*** Block opens ***
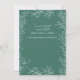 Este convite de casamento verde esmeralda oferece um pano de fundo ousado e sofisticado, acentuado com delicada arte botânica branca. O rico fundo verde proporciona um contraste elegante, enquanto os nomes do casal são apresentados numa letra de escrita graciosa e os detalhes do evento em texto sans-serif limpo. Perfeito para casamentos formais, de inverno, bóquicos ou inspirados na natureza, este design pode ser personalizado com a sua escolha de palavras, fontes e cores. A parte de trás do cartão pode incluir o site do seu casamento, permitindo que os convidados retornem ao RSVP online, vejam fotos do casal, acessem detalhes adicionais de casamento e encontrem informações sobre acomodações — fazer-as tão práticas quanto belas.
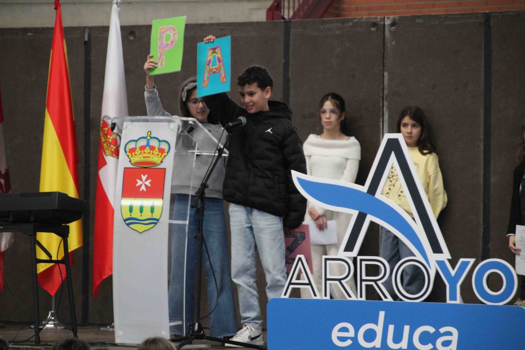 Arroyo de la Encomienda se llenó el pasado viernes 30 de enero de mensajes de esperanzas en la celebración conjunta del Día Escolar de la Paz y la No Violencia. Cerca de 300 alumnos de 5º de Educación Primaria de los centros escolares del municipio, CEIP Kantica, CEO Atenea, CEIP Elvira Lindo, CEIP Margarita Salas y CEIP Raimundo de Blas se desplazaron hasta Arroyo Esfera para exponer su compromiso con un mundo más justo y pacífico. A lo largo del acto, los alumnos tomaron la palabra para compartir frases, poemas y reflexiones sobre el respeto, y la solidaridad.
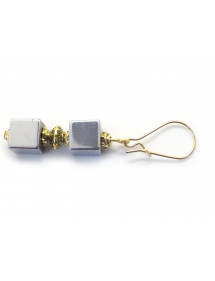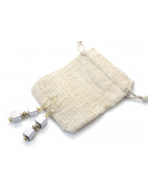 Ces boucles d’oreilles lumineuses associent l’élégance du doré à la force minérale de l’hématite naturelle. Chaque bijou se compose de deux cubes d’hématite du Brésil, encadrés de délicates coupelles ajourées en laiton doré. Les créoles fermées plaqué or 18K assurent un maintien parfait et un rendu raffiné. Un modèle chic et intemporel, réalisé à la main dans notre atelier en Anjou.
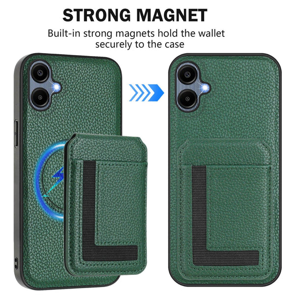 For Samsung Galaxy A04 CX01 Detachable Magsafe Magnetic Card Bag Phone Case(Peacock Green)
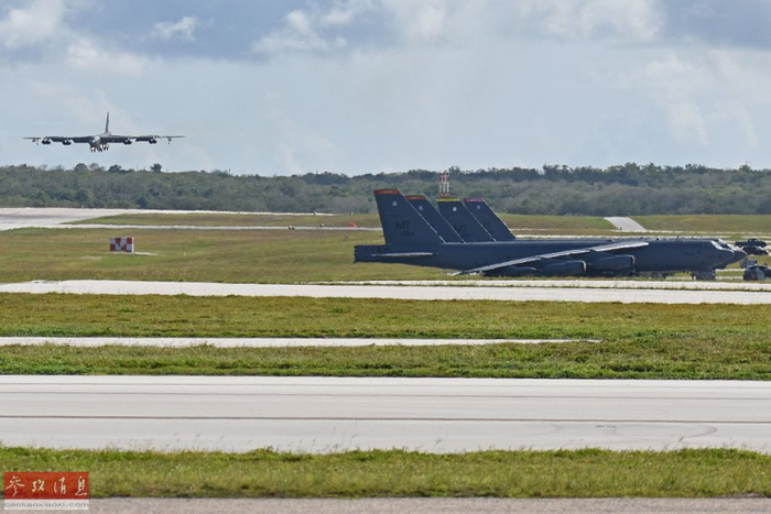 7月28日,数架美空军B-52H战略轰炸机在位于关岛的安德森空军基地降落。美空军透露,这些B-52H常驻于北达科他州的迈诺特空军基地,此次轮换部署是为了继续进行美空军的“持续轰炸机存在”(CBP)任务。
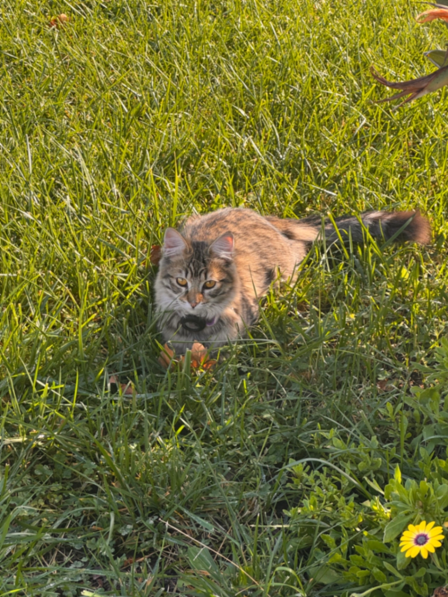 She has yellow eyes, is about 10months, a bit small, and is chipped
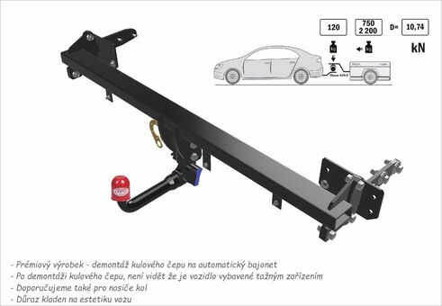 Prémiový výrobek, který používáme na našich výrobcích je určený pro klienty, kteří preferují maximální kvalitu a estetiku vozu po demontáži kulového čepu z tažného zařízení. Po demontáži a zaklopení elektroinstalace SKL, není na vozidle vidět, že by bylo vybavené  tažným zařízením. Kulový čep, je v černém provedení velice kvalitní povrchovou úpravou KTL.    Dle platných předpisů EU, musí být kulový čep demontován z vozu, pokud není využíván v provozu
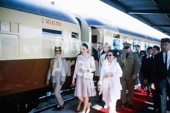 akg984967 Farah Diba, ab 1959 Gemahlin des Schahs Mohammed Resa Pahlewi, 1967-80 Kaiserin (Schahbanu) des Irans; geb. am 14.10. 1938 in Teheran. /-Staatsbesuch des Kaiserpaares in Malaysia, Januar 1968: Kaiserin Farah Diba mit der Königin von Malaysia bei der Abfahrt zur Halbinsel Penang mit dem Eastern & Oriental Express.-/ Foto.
*** Block closes ***
**Exercise prompt**
Pictures aside, the material must be written out word for word.

**Reply**
 Este convite de casamento verde esmeralda oferece um pano de fundo ousado e sofisticado, acentuado com delicada arte botânica branca. O rico fundo verde proporciona um contraste elegante, enquanto os nomes do casal são apresentados numa letra de escrita graciosa e os detalhes do evento em texto sans-serif limpo. Perfeito para casamentos formais, de inverno, bóquicos ou inspirados na natureza, este design pode ser personalizado com a sua escolha de palavras, fontes e cores. A parte de trás do cartão pode incluir o site do seu casamento, permitindo que os convidados retornem ao RSVP online, vejam fotos do casal, acessem detalhes adicionais de casamento e encontrem informações sobre acomodações — fazer-as tão práticas quanto belas.
 Arroyo de la Encomienda se llenó el pasado viernes 30 de enero de mensajes de esperanzas en la celebración conjunta del Día Escolar de la Paz y la No Violencia. Cerca de 300 alumnos de 5º de Educación Primaria de los centros escolares del municipio, CEIP Kantica, CEO Atenea, CEIP Elvira Lindo, CEIP Margarita Salas y CEIP Raimundo de Blas se desplazaron hasta Arroyo Esfera para exponer su compromiso con un mundo más justo y pacífico. A lo largo del acto, los alumnos tomaron la palabra para compartir frases, poemas y reflexiones sobre el respeto, y la solidaridad.
 Ces boucles d’oreilles lumineuses associent l’élégance du doré à la force minérale de l’hématite naturelle. Chaque bijou se compose de deux cubes d’hématite du Brésil, encadrés de délicates coupelles ajourées en laiton doré. Les créoles fermées plaqué or 18K assurent un maintien parfait et un rendu raffiné. Un modèle chic et intemporel, réalisé à la main dans notre atelier en Anjou.
 For Samsung Galaxy A04 CX01 Detachable Magsafe Magnetic Card Bag Phone Case(Peacock Green)
 7月28日,数架美空军B-52H战略轰炸机在位于关岛的安德森空军基地降落。美空军透露,这些B-52H常驻于北达科他州的迈诺特空军基地,此次轮换部署是为了继续进行美空军的“持续轰炸机存在”(CBP)任务。
 She has yellow eyes, is about 10months, a bit small, and is chipped
 Prémiový výrobek, který používáme na našich výrobcích je určený pro klienty, kteří preferují maximální kvalitu a estetiku vozu po demontáži kulového čepu z tažného zařízení. Po demontáži a zaklopení elektroinstalace SKL, není na vozidle vidět, že by bylo vybavené  tažným zařízením. Kulový čep, je v černém provedení velice kvalitní povrchovou úpravou KTL.    Dle platných předpisů EU, musí být kulový čep demontován z vozu, pokud není využíván v provozu
 akg984967 Farah Diba, ab 1959 Gemahlin des Schahs Mohammed Resa Pahlewi, 1967-80 Kaiserin (Schahbanu) des Irans; geb. am 14.10. 1938 in Teheran. /-Staatsbesuch des Kaiserpaares in Malaysia, Januar 1968: Kaiserin Farah Diba mit der Königin von Malaysia bei der Abfahrt zur Halbinsel Penang mit dem Eastern & Oriental Express.-/ Foto.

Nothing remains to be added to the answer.